• [Action item]:
Retype all of the listing exactly, passing over any picture you find.

(Information provided begins)

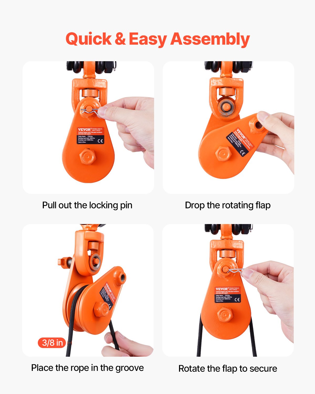 - Flexibla användningsvinklar: Dragblocket med krok har en 180° vridring som låter dig justera dragvinkeln för att passa trånga utrymmen. Den 360° roterande kroken hjälper dig att lyfta mer effektivt, vilket minskar belastningen och förbättrar lyftkraften.
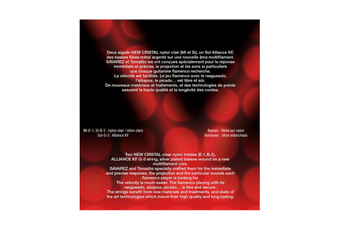 Οι χορδές κλασικης/ flamenco κιθάρας Tomatito της Savarez S.A. φέρνουν νέες τεχνολογίες και τεχνικές κατασκευής χορδών στην κιθάρα flamenco. Συνδυάζοντας Alliance KF Σολ Χορδη της Savarez με Cristal clear νάιλον Σι και Μι και μπάσες χορδές με πολλαπλούς πυρήνες, το σετ Tomatito σας παρέχει την ακριβή απόκριση και την εκτεταμένη προβολή που χρειάζεστε στο flamenco.
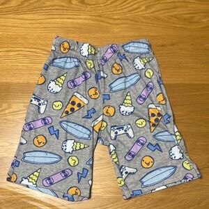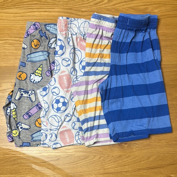 Set of four kids' shorts with fun patterns. Includes sports, stripes, and playful designs. Perfect for casual wear.

(Information provided ends)

• [Answer to the exercise]:
 - Flexibla användningsvinklar: Dragblocket med krok har en 180° vridring som låter dig justera dragvinkeln för att passa trånga utrymmen. Den 360° roterande kroken hjälper dig att lyfta mer effektivt, vilket minskar belastningen och förbättrar lyftkraften.
 Οι χορδές κλασικης/ flamenco κιθάρας Tomatito της Savarez S.A. φέρνουν νέες τεχνολογίες και τεχνικές κατασκευής χορδών στην κιθάρα flamenco. Συνδυάζοντας Alliance KF Σολ Χορδη της Savarez με Cristal clear νάιλον Σι και Μι και μπάσες χορδές με πολλαπλούς πυρήνες, το σετ Tomatito σας παρέχει την ακριβή απόκριση και την εκτεταμένη προβολή που χρειάζεστε στο flamenco.
 Set of four kids' shorts with fun patterns. Includes sports, stripes, and playful designs. Perfect for casual wear.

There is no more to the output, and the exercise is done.